STORED DATA:
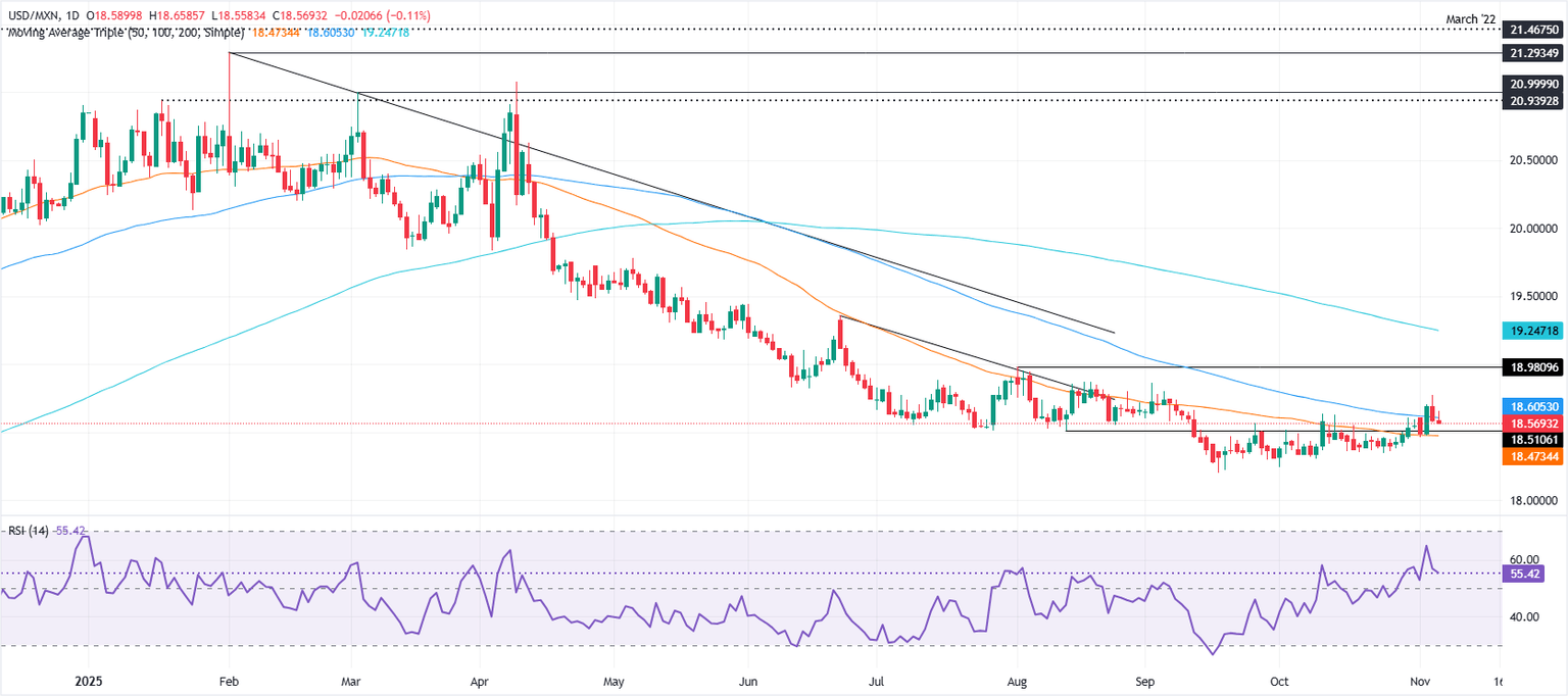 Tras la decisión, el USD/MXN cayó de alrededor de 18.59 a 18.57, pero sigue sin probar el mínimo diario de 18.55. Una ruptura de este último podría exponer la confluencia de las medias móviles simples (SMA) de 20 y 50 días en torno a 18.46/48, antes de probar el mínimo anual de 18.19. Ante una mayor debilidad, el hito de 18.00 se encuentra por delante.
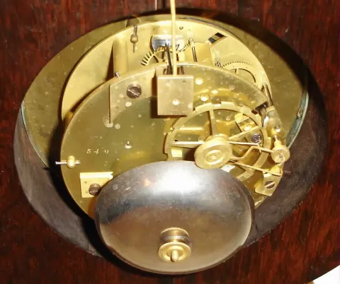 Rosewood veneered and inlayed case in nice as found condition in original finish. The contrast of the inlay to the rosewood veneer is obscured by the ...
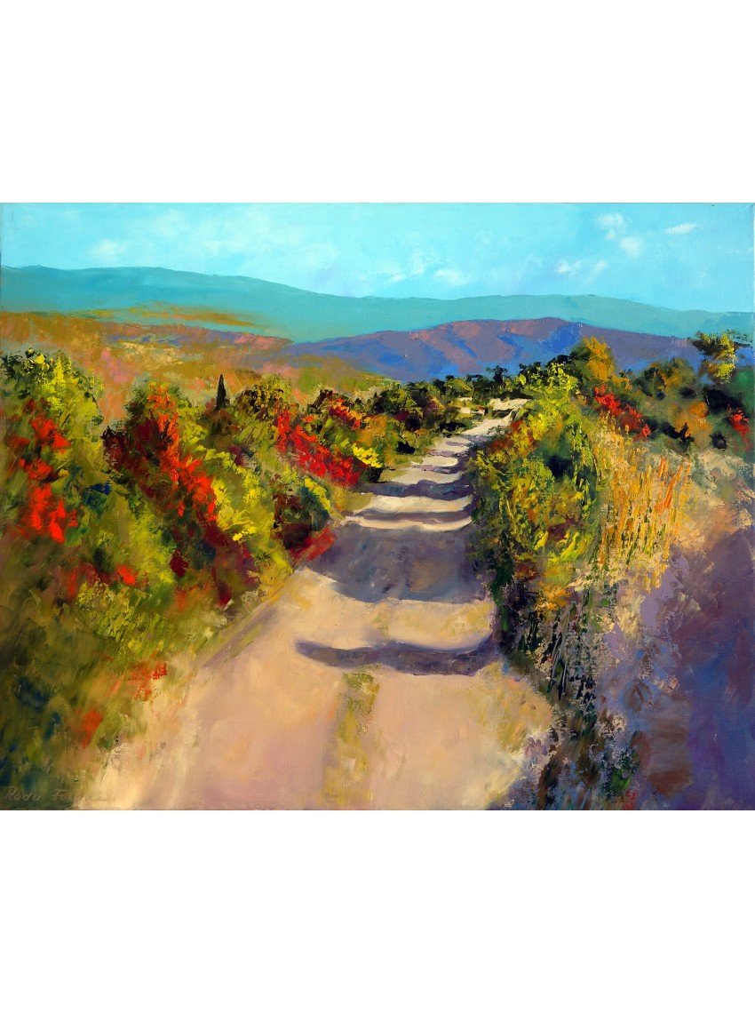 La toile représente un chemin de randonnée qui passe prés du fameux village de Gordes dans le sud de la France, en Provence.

BRIEF:
The required output is every line of the data above, set down exactly and stripped of pictures.

WRITTEN RESPONSE:
 Tras la decisión, el USD/MXN cayó de alrededor de 18.59 a 18.57, pero sigue sin probar el mínimo diario de 18.55. Una ruptura de este último podría exponer la confluencia de las medias móviles simples (SMA) de 20 y 50 días en torno a 18.46/48, antes de probar el mínimo anual de 18.19. Ante una mayor debilidad, el hito de 18.00 se encuentra por delante.
 Rosewood veneered and inlayed case in nice as found condition in original finish. The contrast of the inlay to the rosewood veneer is obscured by the ...
 La toile représente un chemin de randonnée qui passe prés du fameux village de Gordes dans le sud de la France, en Provence.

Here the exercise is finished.